Hi I am at 2 minds about window 10 update.i have window 7 home which I am happy with.
I have read as much as I can about window 10.
It says its free for first year then we must pay. is that a 1 off payment.
should i wait and see what the reviews are about window 10 or go ahead and update.


----------



## joe957 (Mar 2, 2015)

> Windows 10 will be free for the first year to all Windows 7, Windows 8.1 and Phone 8.1 users. (July 29th 2015 to July 29th 2016)





> *Once you upgrade within the first year for free, its yours forever at no additional cost.*


http://answers.microsoft.com/en-us/...e/9b572810-1139-4668-a6bd-0d9c7e1a6aca?auth=1


----------



## etaf (Oct 2, 2003)

> It says its free for first year then we must pay. is that a 1 off payment.

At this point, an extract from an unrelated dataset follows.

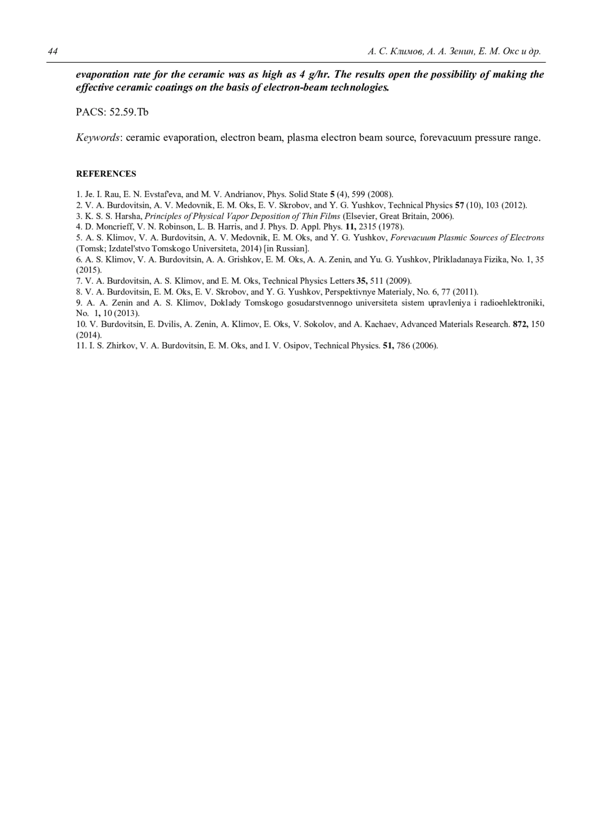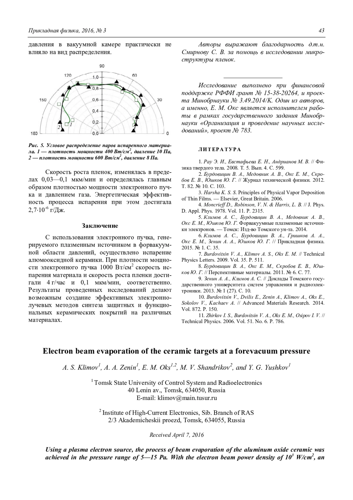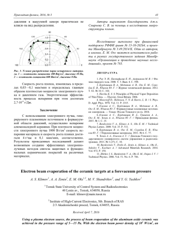 Климов А. С., Зенин А. А., Окс Е. М., Шандриков М. В., Юшков Ю. Г. Электронно-лучевое испарение керамики в форвакуумном диапазоне давлений 40

 you would pay for the upgrade after the first year.
So if you are planning to upgrade, just make sure you do that before the year is up
Also make sure you have a full backup of all your data

It maybe worth waiting to see how the first few upgrades work - there will be 100's 
Also new PC will all have W10 on - so it wont take long to see any issues

I have been running w10 preview for a few weeks and it appears very stable 
Also left it running a lot of batch jobs and programs that run regularly - and all appears stable and working well so far
Installed a few other programs on to see how it works - and they appear OK


----------